If you feel like Roddy Piper looking through the alien sunglasses for the first time, or a Sneetch who just fell out of Sylvester McMonkey McBean’s Star-Off machine, you’re not alone.

When I read Les Miserables in 21st century America I felt an intense connection to everyone who has ever struggled to carry on with normal life in abnormal times. Les Mis is about people who struggle, who succeed, who fail, who love, who want, and the thread that connects them all is the revolutionary fever that surrounds them.

Because Les Mis is so expansive and well-written, it affords you a chance to live a life, Jean Valjean’s entire adult life, in your imagination. It’s a life of forgiveness and redemption amidst a backdrop of political turmoil that makes the 21st century look tame in comparison. Reading it connects you to the wisdom of a great thinker who’s seen times like these before. It will remind you that there are periods of relative peace and relative chaos, and we don’t get to choose which period we live in. We only get to choose how we live.

This brings us to the final and most important reason to read Les Miserables.

6. Reading Les Miserables can be a life-changing experience.

I can’t promise you that your experience will be the same as mine. I can’t even promise you that you’ll get past the Waterloo section of the novel, which is just the first of many challenging digressions in this book.

But I can tell you that, for me, reading Les Miserables was a profound experience.

The book opens in the year 1815 with Monseignor Charles Francois Bienvenu Myreil, the Bishop of Digne.

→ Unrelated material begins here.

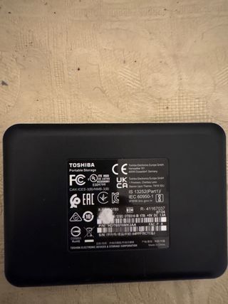 Disco duro externo Toshiba de 1TB. Ideal para almacenar tus archivos y copias de seguridad. - Estado: perfecto, bien cuidado con su funda propia. - Capacidad: 1TB - Tamaño: 2.5 pulgadas - Horas de uso: 559 (se puede ver en la ultima captura de Crystal disk info). - Sólo utilizado para copias de seguridad ocasionales, lo reemplazo por uno de más capacidad. No negociable.

Yes, the Bishop is the first character we meet in the book. Not Jean Valjean. Not the prison. No one sings, “Look Down.” No Prisoner 24601 on stage.

Not yet.

The book starts with the Bishop because it is the Bishop who sets this story in motion.

“Love is the foolishness of men, and the wisdom of God.”

If you’ve seen the musical you know that a recently released prisoner named Jean Valjean, struggling and homeless, accepts refuge in a Bishop’s house and repays the kindness by stealing the Bishop’s silver. You also know, maybe you can see the moment on the stage in your mind’s eye, that police capture Valjean and bring him back to the Bishop’s home.

And then the Bishop, knowing that Valjean is in desperate need of an act of mercy, tells the police, He didn’t steal that silver, I gave it to him.

That one act of kindness sets in motion a thousand pages of magnificent story, and Valjean’s role throughout the story is to bring kindess and beauty into the world.

To repay the favor that the Bishop paid to him.

You should read Les Miserables because the story is about the power of a single act of kindness.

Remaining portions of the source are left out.